Школьные Войны, миниатюры

Антон Сплх
     Урбоистории из жизни школьников двухтысячного: честь, любовь, смерть и бесконечность. Вот содержание текстов, которые вы найдёте в этом сборнике (а это миниатюры, новеллы и стихотворения в прозе). Сюжеты взяты мной отчасти из собственной жизни, отчасти из городского фольклора, то есть тех «баек», которые передаются из уст в уста, и не понять уже: правда это или вымысел.

      (Молчание)

 Она долго и молча смотрела на него. Новичок высокий, с правильными чертами лица, он сел с ней за одной партой. Она не решилась сказать.

 Она долго и молча смотрела на него. Их перевели в десятый, два года впереди –  столько всего кипит на душе! Она не решилась сказать.

 Она долго и молча смотрела не него. Выпускной: он провожает её по туманной улице, они одни посреди пустого проспекта. Она не решилась сказать.

 Она долго и молча смотрела не него. Свадьба, музыка, он целует невесту, обмен кольцами. Она не решилась сказать.

 Она долго и молча смотрела не него. Похороны, его лицо белое, холодное и всё такое же чистое…

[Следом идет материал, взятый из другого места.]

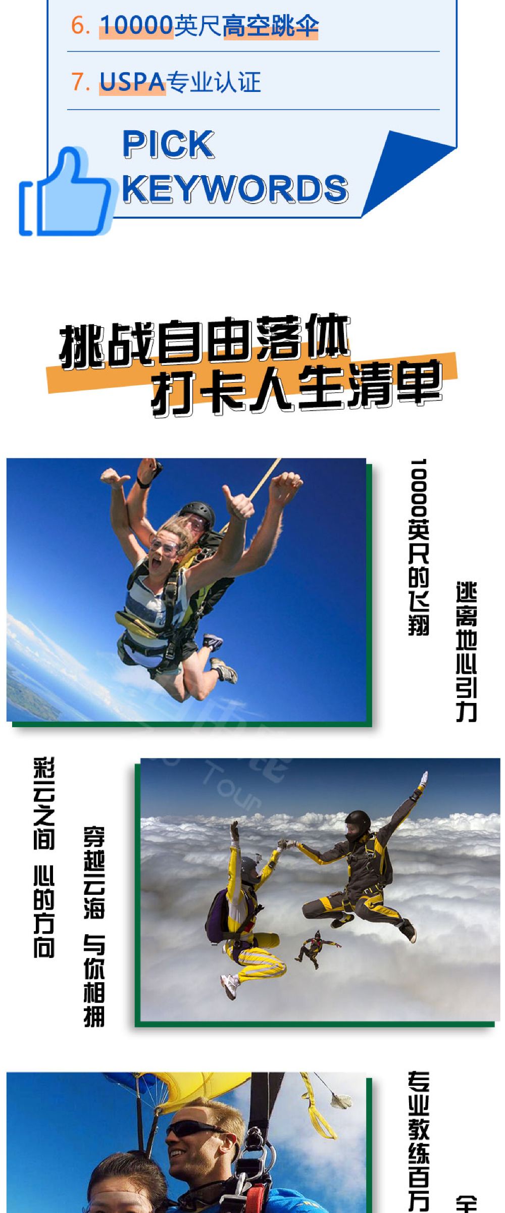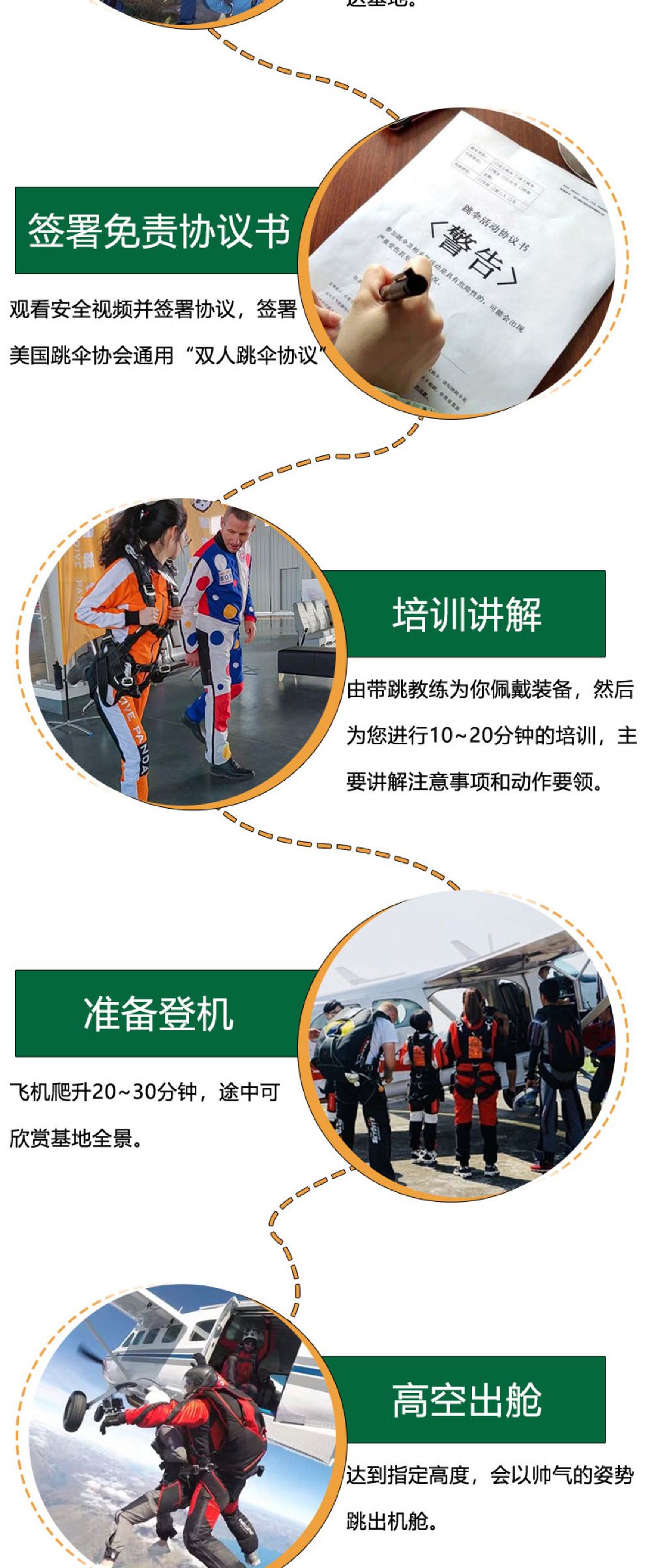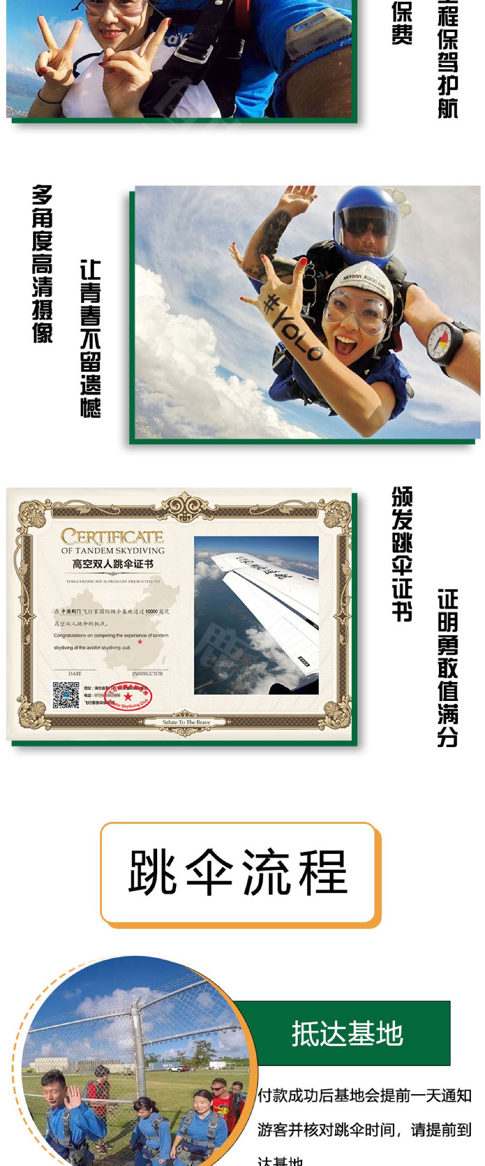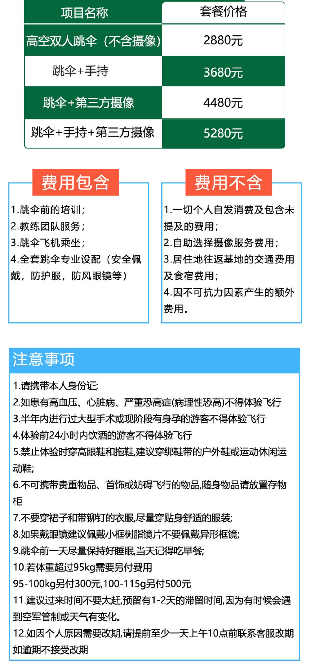 6. It is recommended not to consume excessive alcohol the night before skydiving and avoid eating too much before the activity. Skydiving is not allowed within 24 hours after diving. Pregnant women, individuals with a history of heart or brain diseases, severe hypertension, or other special conditions cannot participate in skydiving activities. If feeling unwell during the activity, please inform the instructor immediately.

 Потом за полками нашли дневник: он всю жизнь любил её и боялся признаться.

(Контейнер)

 Серое и белое, двадцать нагроможденных друг на друга этажей. Это здание привлекало внимание всякого. Взор изучал автостоянку, пробегал по окнам, скользил по карнизу и останавливался на крыше. Там, в окружении спутниковых антенн, ярко выделялся иссиня-черный контейнер – главная причина тревог и мыслей. На контейнере значилась надпись на непонятном языке.

 Вечерами город пылал тысячами огней и у подножия здания собирались мальчишки из городских трущоб. Они мечтательно разглядывали контейнер. Казалось, эта железная конструкция скрывала под собой столько необъятного, что даже звездное небо выглядело пустым предрассудком.

 - Что в контейнере? –  спрашивали себя мальчишки и не могли найти ответа.    
               
 Предположения были самыми разными: кто-то говорил, что там деньги, кто-то говорил, что там строительный мусор,  кто-то верил, что внутри сидит человек способный предсказывать будущее. Никто не признавался открыто, но каждый мечтал о том, будто однажды откроет иссиня-черную крышку и узнает правду.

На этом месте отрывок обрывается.